Ma ci sono anche altre situazioni analoghe. A Padova per esempio dove quel ruolo è stato affidato a Zamuner. Un procuratore, o agente di calciatori che dir si voglia, che sino alla scorsa stagione lavorava, indisturbato e con gli stessi compiti, a Pordenone. Per non parlare di coloro che vengono messi in organigramma come direttori sportivi e non ne posseggono il titolo. Uno degli esempi è Stefano Trinchera, ex difensore di lungo corso, attualmente alla Virtus Francavilla e nello scorso campionato a Lecce.
Sono solo degli esempi, nulla di personale contro di loro. A nessuno si può negare la possibilità di un impiego. Certo è che se regole ci sono queste andrebbero, in ogni caso, rispettate.
Tutto si svolge alla luce del sole senza che le Istituzioni addette al controllo intervengano e che le associazioni di categoria, in questo caso l’Adise, segnalino l’inadempienza a tutela dei propri associati. Nel frattempo a Coverciano, l’università del calcio italiano, vengono organizzati corsi di specializzazione (a pagamento e sempre in collaborazione con l’Adise) per le tante qualifiche previste dai regolamenti. Una vera e propria “fabbrica” di disoccupati.

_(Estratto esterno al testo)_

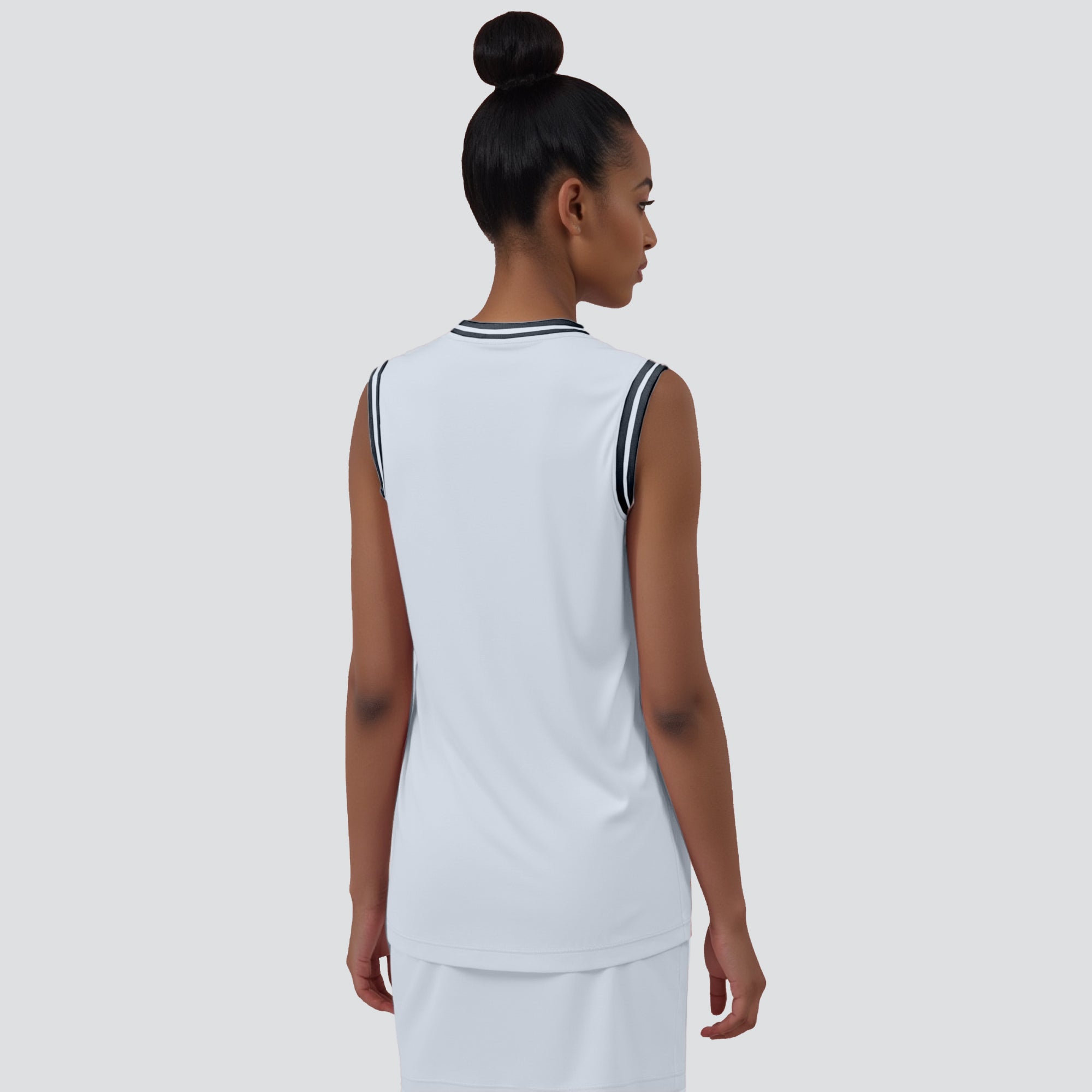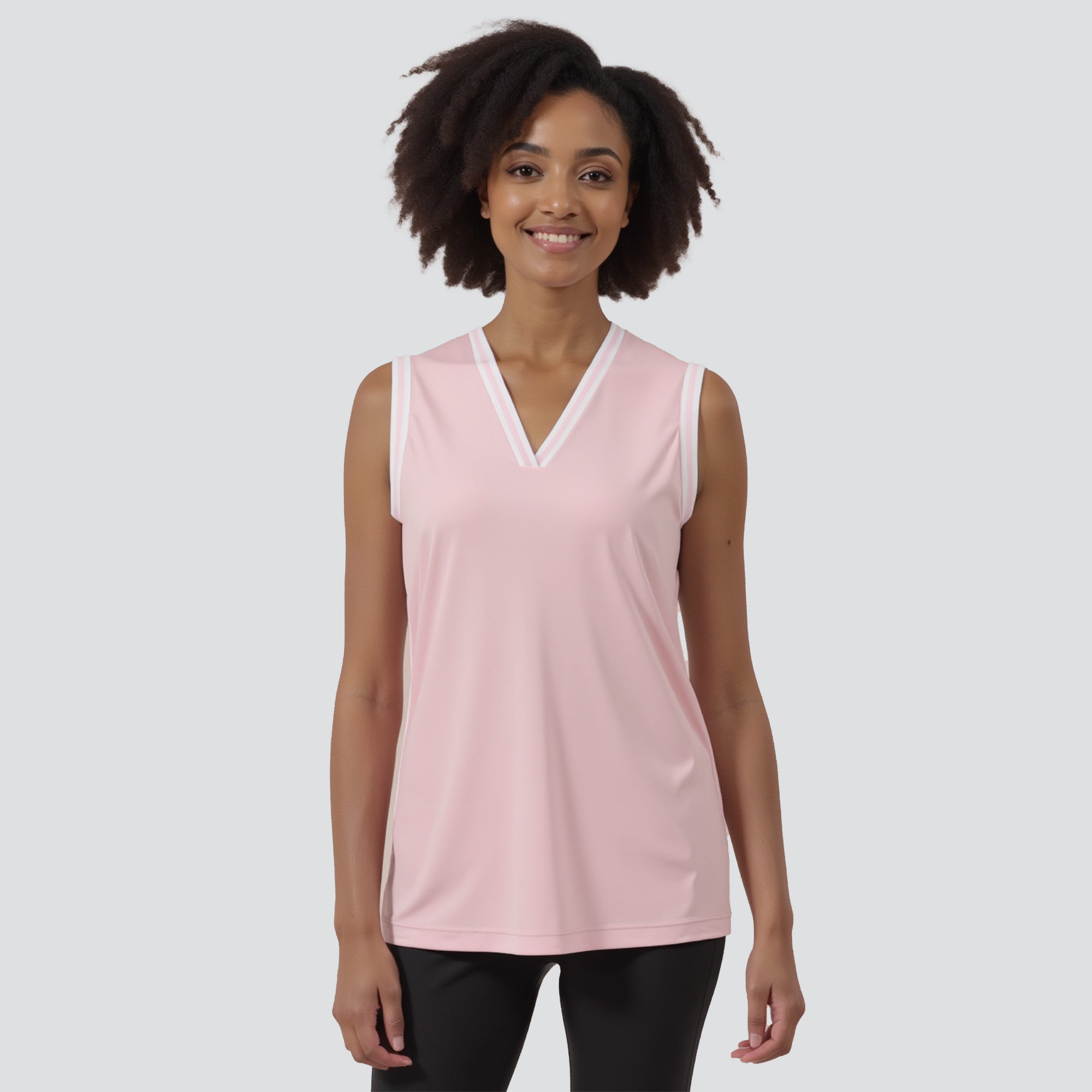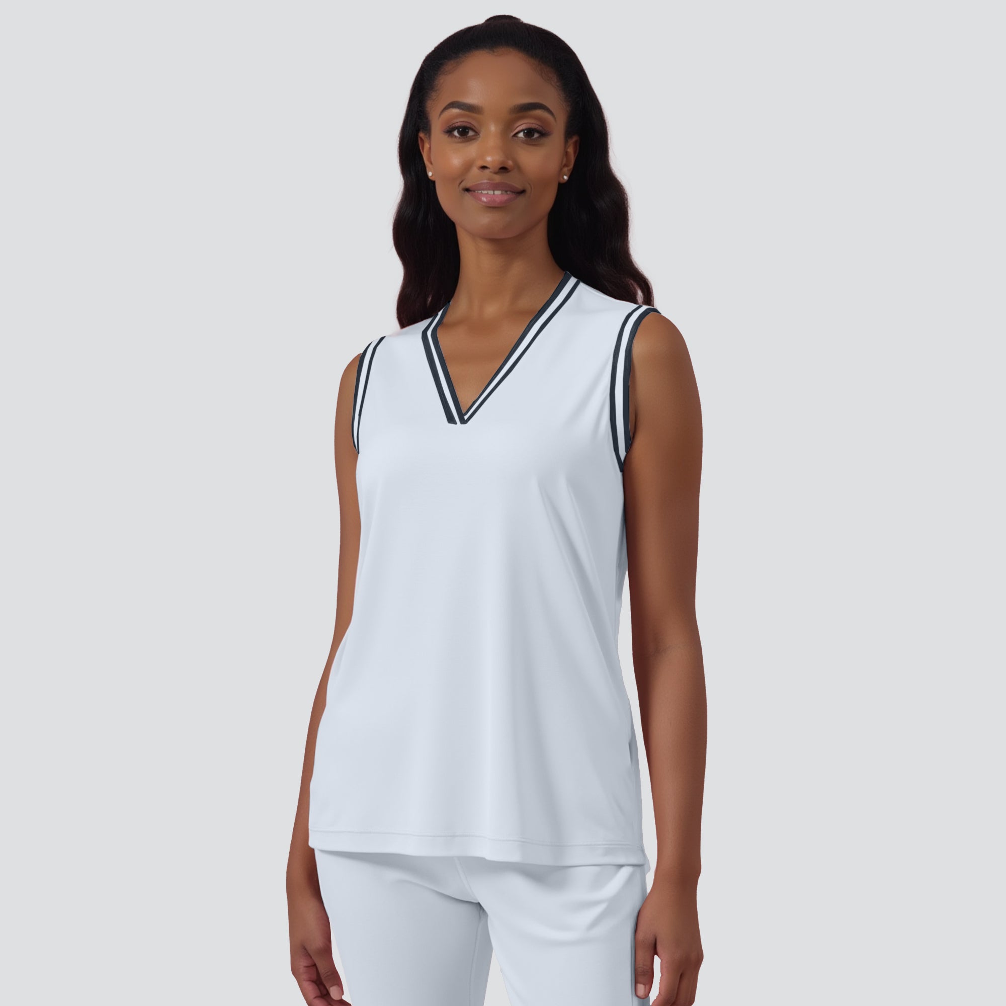 Introducing the women's Secret, a sophisticated and eco-friendly top made for the stylish and environmentally conscious. Made with 83% recycled yarn and 100% polyester, this top not only promotes sustainability but also ensures you stay comfortable with its moisture-wicking and anti-bacterial properties, keeping you fresh and dry all day. The chic split neckline is complimented by a varsity stripe flat knit at the collar and armhole, adding a sporty flair to its elegant design. The high-low hem detail provides a flattering fit that enhances its flowy silhouette, making it perfect for both casual wear and more active settings. Whether you're enjoying a leisurely day out or engaging in light activities, the women's Secret blends functionality, comfort, and style seamlessly.

La vicenda di Marcello Lippi, in Federcalcio, è pari a quella storia dell’ago in un pagliaio. Tra l’altro come si fa a negare un ruolo federale al Commissario Tecnico che ci ha regalato l’ultimo esaltante titolo mondiale. Come si fa a dimenticare la gioia sfrenata di Fabio Grosso che aveva trasformato il rigore decisivo? Come di fa a dimenticare che quella notte il cielo di Berlino era diventato tutto azzurro? Chissà come e quando ci potrà capitare di nuovo. Ma poi, molto più realisticamente, un uomo integro come l’ex Commissario della nazionale quando mai avrebbe potuto compiere un gesto non in linea con il suo modo esemplare di comportarsi?
Senza dimenticare che la mancanza più grossolana, nel caso di Marcello Lippi, è stata compiuta da chi, ai vertici della Federcalcio, aveva l’obbligo di sapere, prima, che esisteva quella norma statutaria e non cercare, a posteriori, di chiudere la stalla quando i “buoi” erano già in uscita.
Un ago in un pagliaio appunto, perché tra i tanti pettegolezzi di “palazzo” ce ne sarebbero tanti altri da affrontare. Risulterebbe infatti che a qualche parente di frequentatori dei piani alti, di via Allegri, siano stati affidati compiti ben più qualificati e remunerativi. In alcuni casi sarebbero già in corso indagini della Guardia di Finanza per accertare eventuali responsabilità. Si sarebbe già provveduto al sequestro di corpose documentazioni in Lombardia ed in altre regioni. Spifferi di corridoio parlano della possibilità di uno scandalo che sarebbe prossimo all’esplosione. Proprio in merito ad eventuali conflitti di interesse.
Che dire. Un ago in un pagliaio o poco più. Come si può notare!